◆ Exercise prompt
Transcribe every entry verbatim; omit pictures.
* * *
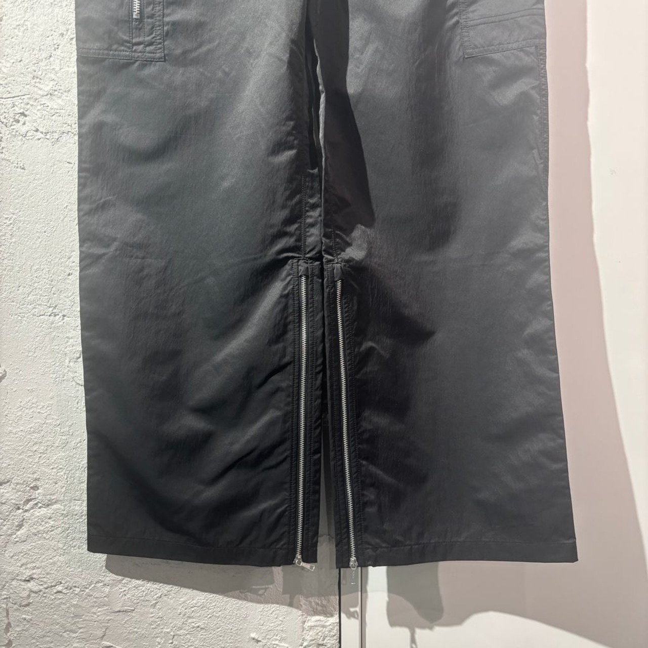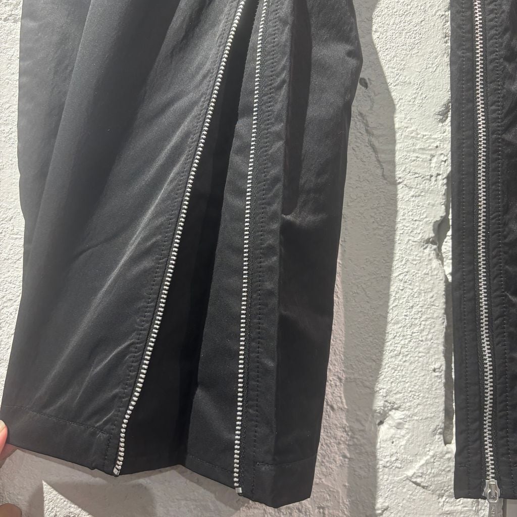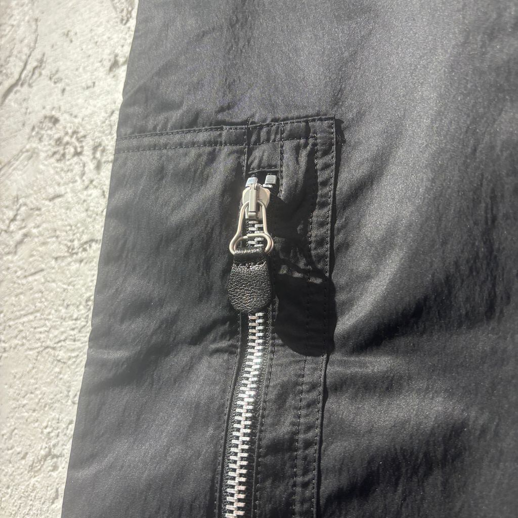 ジップのデザインが特徴のナイロンカーゴパンツです。
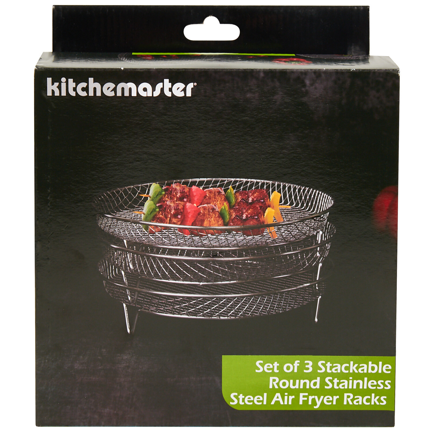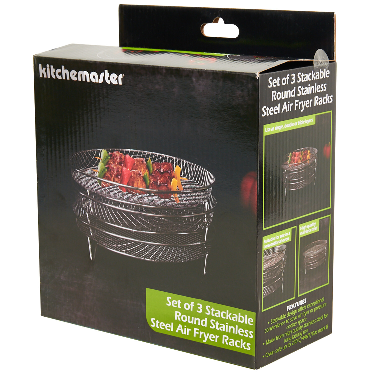 Maximise your cooking efficiency with the Pack of 3 Stackable Round Wire Air Fryer Racks. This set features a stackable design, allowing you to save space in your air fryer or pressure cooker. They can be used as single, double, or triple layers, depending on cooking needs. Made from stainless steel, these racks are durable and oven-safe up to 230 degrees Celcius (446°F/Gas mark 8). Suitable for both air frying and conventional oven use, they provide versatile and long-lasting convenience.
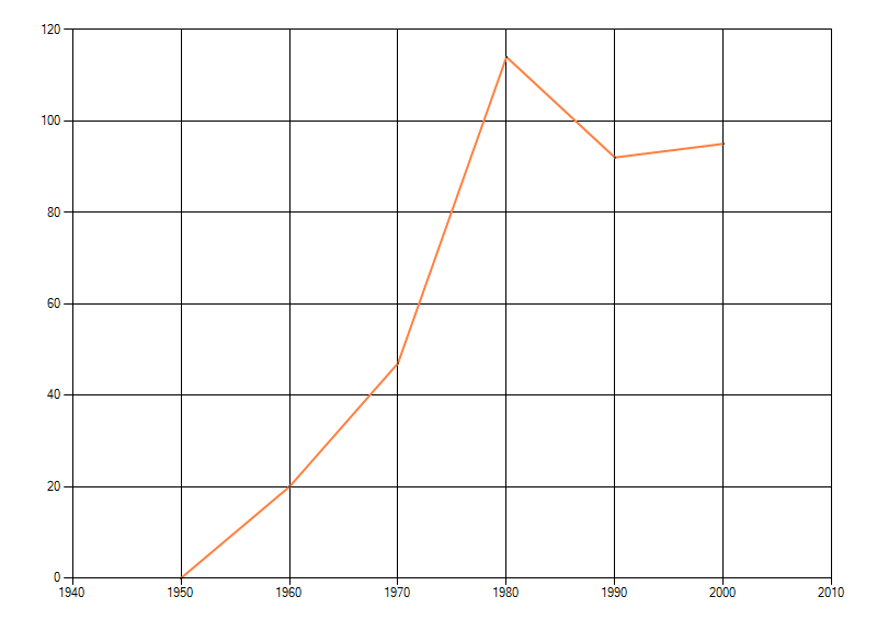 Het voor waarnemingsinspanning gecorrigeerde, of door een expert geschatte aantal atlasblokken (5x5 km) waarin de soort voorkomt per periode van tien jaar. Soms fluctueert het aantal sterk. Hoe vloeiender de lijn, des te betrouwbaarder de grafiek. Bron: Rode Lijst Mossen 2010. © BLWG 2011
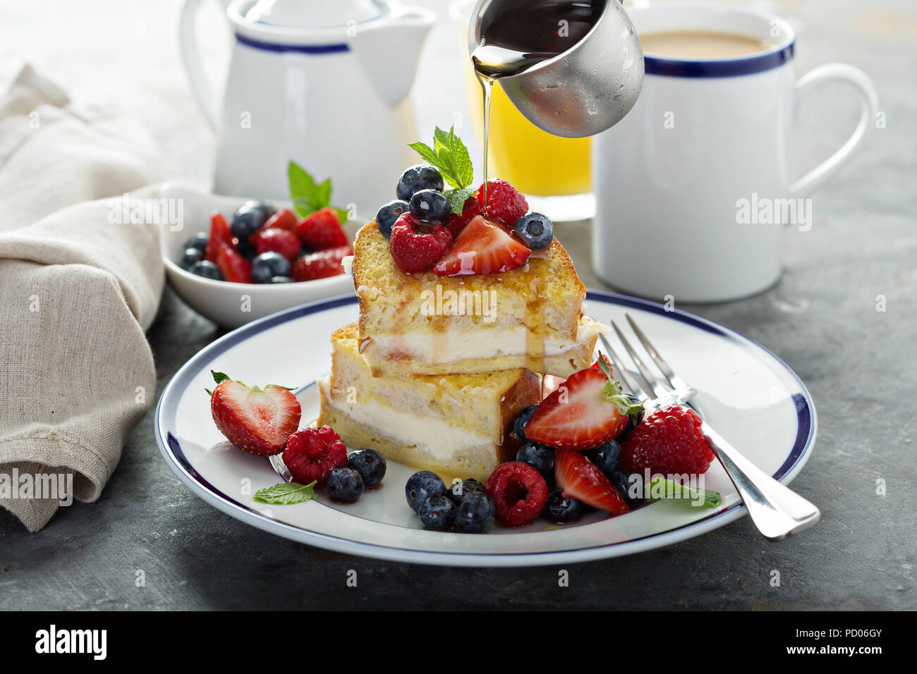Baked french toast with cream cheese filling Stock Photo Alamy
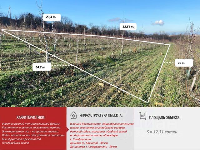 Продаётся земельный участок в Краснолесье! Большая новая нарезка в поле, можно также купить смежные участки! Участок ровный, с хорошей формой — в виде прямоугольника, 6,16 соток! Транспортная доступность: - удобная развязка во все направления Крыма; - 25 км до пляжей Алушты; - 20 км до Симферополя. Все коммуникации в населенном пункте. Инфраструктура развитая: - супермаркеты, строительные магазины, различные сервисы; - новый медпункт; - автобусные остановки; - коттеджный посёлок Малая Швейцария; - школа и детский сад - футбольное поле; - техникум олимпийского резерва. Звоните прямо сейчас в агентство недвижимости "Этажи" — мы гарантируем, что сделаем всё возможное для вашего комфортного и выгодного приобретения. Код объекта: 4874883. МЫ ГАРАНТИРУЕМ ФИНАНСОВУЮ БЕЗОПАСНОСТЬ ДЛЯ НАШИХ КЛИЕНТОВ. Полное юридическое сопровождение сделки. Высокий шанс одобрения ипотеки. Звоните, с удовольствием ответим на ваши вопросы! Код пользователя: 172148 Номер в базе: 4874883 Продам земельный участок в селе Краснолесье Симферопольского района.
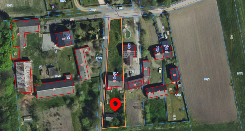 Dodatkowo na działce znajdują się drewniany dom i stodoła – przeznaczone do rozbiórki.
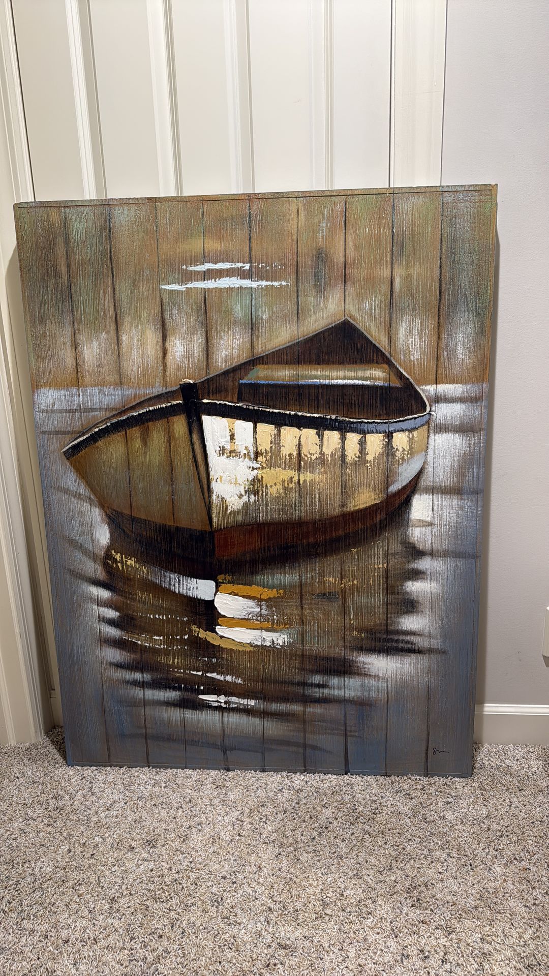 *New* Beautiful oversized rustic wall art featuring a rowboat on water with textured, dimensional detailing. The artwork is painted on vertical wood panels, giving it a farmhouse/coastal feel with warm neutral tones (tan, cream, brown, gray, and soft blue reflections). • Purchased from At Home • Original price: $149.99 • Large statement piece • Wood panel construction • Neutral colors work with farmhouse, lake house, coastal, or rustic decor • Excellent condition This is a great focal piece for a living room, entryway, bedroom, or lake house. Selling for less than retail.
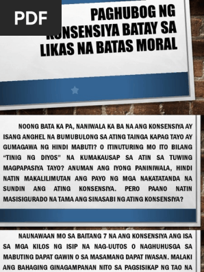 PAGHUBOG NG KONSENSIYA BATAY SA LIKAS NA BATAS MORAL KONSENSIYA Lipio 2004 ph2 o Pinaka praktikal na paghuhusga ng isipan na magpapasya na gawin ang mabuti at iwasan ang masama. Panimula Kahit na tayo ay mayaman o mahirap lahat tayo ay may pantay-pantay na karapatan.
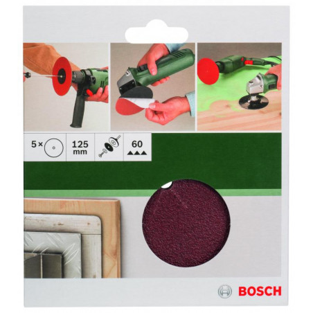 Emballage: 5Marque: BoschRéférence: 2609256B49EAN: 3165140616959Description: PONÇAGE MP (DISQUE ABRASIF Ø 125 MM, G60, RW, NON PERF., FIXATION ÉTRIER (5))
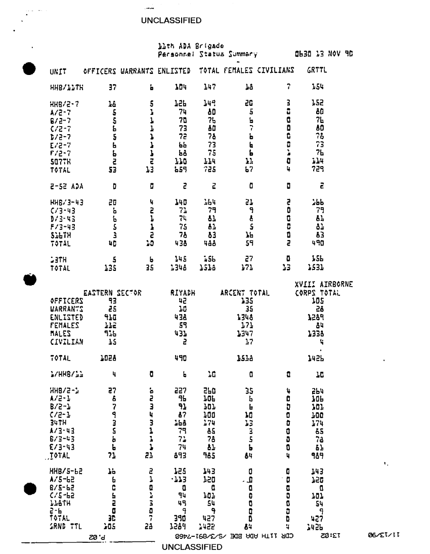 Document 8 f:/Week-32/BX000499/COMMAND REPORTS SITREPS 11TH ADA BDE 6 OCT 90-23 NOV 90/sitrep 11th ada no 80 13 nov 90:11089615141919
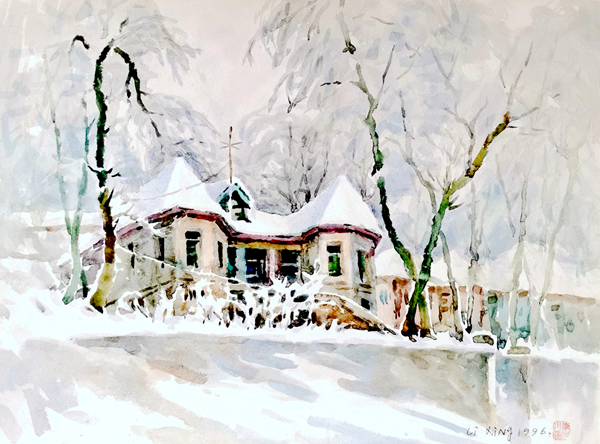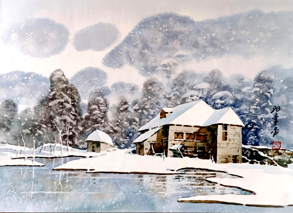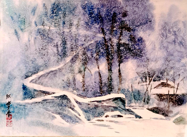 廬山不僅山靈水秀、俊美絕倫,而且還出人才。中國美協(xié)會員、廬山美協(xié)主席、畫院院長李杏,就是一位地道的廬山人,一個終身奮斗于水彩畫事業(yè)的不可多得的畫家。李杏不少作品抒寫匡廬冬日冰天雪地的綺麗風光,有的是在零下十余度的室外完成的,如《冰凍時節(jié)》、《廬山雪》等。那種清寒入骨、滴水成冰,畫筆在調色盒里涮涮作響,水與色在畫面上凍成冰花的滋味,非身臨其境者,是不可能想象其甘苦程度的。
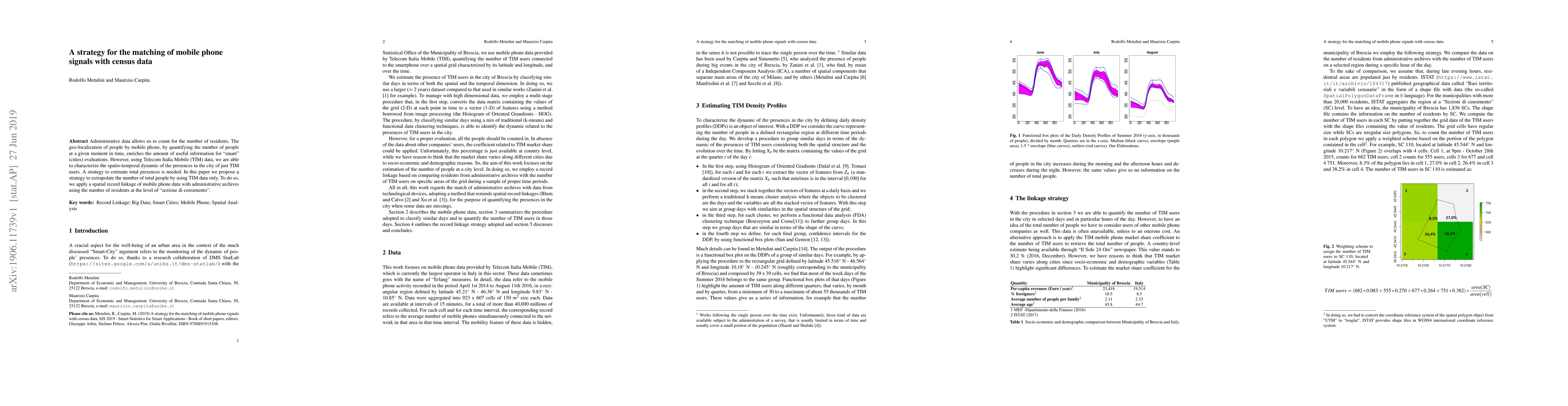This paper proposes a strategy to match mobile phone signals from Telecom Italia Mobile (TIM) with census data to estimate the total number of people present in a city. It uses spatial record linkage to correlate TIM data with administrative archives, leveraging resident counts at the census section level to extrapolate total presences.
* * *
◆ Response to the exercise
 ジップのデザインが特徴のナイロンカーゴパンツです。
 Maximise your cooking efficiency with the Pack of 3 Stackable Round Wire Air Fryer Racks. This set features a stackable design, allowing you to save space in your air fryer or pressure cooker. They can be used as single, double, or triple layers, depending on cooking needs. Made from stainless steel, these racks are durable and oven-safe up to 230 degrees Celcius (446°F/Gas mark 8). Suitable for both air frying and conventional oven use, they provide versatile and long-lasting convenience.
 Het voor waarnemingsinspanning gecorrigeerde, of door een expert geschatte aantal atlasblokken (5x5 km) waarin de soort voorkomt per periode van tien jaar. Soms fluctueert het aantal sterk. Hoe vloeiender de lijn, des te betrouwbaarder de grafiek. Bron: Rode Lijst Mossen 2010. © BLWG 2011
Baked french toast with cream cheese filling Stock Photo Alamy
 Продаётся земельный участок в Краснолесье! Большая новая нарезка в поле, можно также купить смежные участки! Участок ровный, с хорошей формой — в виде прямоугольника, 6,16 соток! Транспортная доступность: - удобная развязка во все направления Крыма; - 25 км до пляжей Алушты; - 20 км до Симферополя. Все коммуникации в населенном пункте. Инфраструктура развитая: - супермаркеты, строительные магазины, различные сервисы; - новый медпункт; - автобусные остановки; - коттеджный посёлок Малая Швейцария; - школа и детский сад - футбольное поле; - техникум олимпийского резерва. Звоните прямо сейчас в агентство недвижимости "Этажи" — мы гарантируем, что сделаем всё возможное для вашего комфортного и выгодного приобретения. Код объекта: 4874883. МЫ ГАРАНТИРУЕМ ФИНАНСОВУЮ БЕЗОПАСНОСТЬ ДЛЯ НАШИХ КЛИЕНТОВ. Полное юридическое сопровождение сделки. Высокий шанс одобрения ипотеки. Звоните, с удовольствием ответим на ваши вопросы! Код пользователя: 172148 Номер в базе: 4874883 Продам земельный участок в селе Краснолесье Симферопольского района.
 Dodatkowo na działce znajdują się drewniany dom i stodoła – przeznaczone do rozbiórki.
 *New* Beautiful oversized rustic wall art featuring a rowboat on water with textured, dimensional detailing. The artwork is painted on vertical wood panels, giving it a farmhouse/coastal feel with warm neutral tones (tan, cream, brown, gray, and soft blue reflections). • Purchased from At Home • Original price: $149.99 • Large statement piece • Wood panel construction • Neutral colors work with farmhouse, lake house, coastal, or rustic decor • Excellent condition This is a great focal piece for a living room, entryway, bedroom, or lake house. Selling for less than retail.
 PAGHUBOG NG KONSENSIYA BATAY SA LIKAS NA BATAS MORAL KONSENSIYA Lipio 2004 ph2 o Pinaka praktikal na paghuhusga ng isipan na magpapasya na gawin ang mabuti at iwasan ang masama. Panimula Kahit na tayo ay mayaman o mahirap lahat tayo ay may pantay-pantay na karapatan.
 Emballage: 5Marque: BoschRéférence: 2609256B49EAN: 3165140616959Description: PONÇAGE MP (DISQUE ABRASIF Ø 125 MM, G60, RW, NON PERF., FIXATION ÉTRIER (5))
 Document 8 f:/Week-32/BX000499/COMMAND REPORTS SITREPS 11TH ADA BDE 6 OCT 90-23 NOV 90/sitrep 11th ada no 80 13 nov 90:11089615141919
 廬山不僅山靈水秀、俊美絕倫,而且還出人才。中國美協(xié)會員、廬山美協(xié)主席、畫院院長李杏,就是一位地道的廬山人,一個終身奮斗于水彩畫事業(yè)的不可多得的畫家。李杏不少作品抒寫匡廬冬日冰天雪地的綺麗風光,有的是在零下十余度的室外完成的,如《冰凍時節(jié)》、《廬山雪》等。那種清寒入骨、滴水成冰,畫筆在調色盒里涮涮作響,水與色在畫面上凍成冰花的滋味,非身臨其境者,是不可能想象其甘苦程度的。
This paper proposes a strategy to match mobile phone signals from Telecom Italia Mobile (TIM) with census data to estimate the total number of people present in a city. It uses spatial record linkage to correlate TIM data with administrative archives, leveraging resident counts at the census section level to extrapolate total presences.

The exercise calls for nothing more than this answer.